A p. 18 una tabella riassuntiva presenta tre livelli a cui un testo può comunicare: livello superficiale, risultato di una intenzione esplicita che comunica attraverso la
struttura letteraria (narrativa o retorica); livello intermedio implicito, in cui agiscono
riferimenti a strutture sociali e culturali, individuali e collettive; livello profondo implicito, in cui entrano in gioco assunti culturali memorizzati e/o riflessi. Mentre leggevo
il volume di Destro-Pesce, mi chiedevo quali fossero i “condizionamenti” a livello
intermedio e profondo presenti nel loro lavoro, che cosa cioè li ha spinti a completare gli spazi lasciati bianchi dalle fonti in un certo modo anziché in un altro. Penso
che ci sia l’intenzione di uscire da un paradigma sentito come troppo stretto, come
accennavo all’inizio della presente recensione; da questo punto di vista, il loro lavoro,
con tutto il suo carico di provocazione destabilizzante, va letto e considerato non in
modo superficiale. Ci sono ricostruzioni troppo semplicistiche da cui bisogna uscire,
ormai anche nei manuali. Dall’altra parte, mi lascia un po’ perplesso il riferimento
alla morte come evento “determinante” la memoria; almeno a livello della struttura
letteraria, darei più spazio alla risurrezione.

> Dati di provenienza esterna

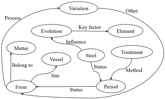 Ontology relationships are defined on the basis of three levels: concept, entity, and relationship. The relationship between the same node and its different status nodes is the ‘status’. The relationship between other status nodes in the same process is defined as the ‘process’. The containment relationship between nodes is denoted by ‘Belong_to’. The relationships between nodes and node-related elements are mainly the location ‘Site’ and the conditions ‘Additive’, ‘Temperature’, ‘Gas’, ‘Energy’, ‘Method’ and so on. The relationship between industrialization and urbanization in the process of iron and steel mineralization is ‘Influence_relation’, in which the relationship between industrialization and urbanization and their influencing factors is defined as the ‘Key factor’, as shown in Figure 3 [43,44].

Un post scriptum, che non so se rivolgere agli autori o all’editore. Il titolo è
un po’ fuorviante; se non fosse che avevo sentito la presentazione della ricerca prima
ancora che fosse pubblicata, durante un convegno del CISSR a Bertinoro, avrei quasi
pensato ad una “conversione” di Adriana Destro e Mauro Pesce all’analisi narrativa!
Si parla di racconto e di lettura… Ci sta molto bene Il racconto e la scrittura: attira
l’attenzione del lettore e dice l’importanza di entrambi i mezzi comunicativi, il raccontare oralmente e lo scrivere; però poi sarebbe meglio completare con qualcosa tipo
Un’ipotesi sulla formazione dei vangeli.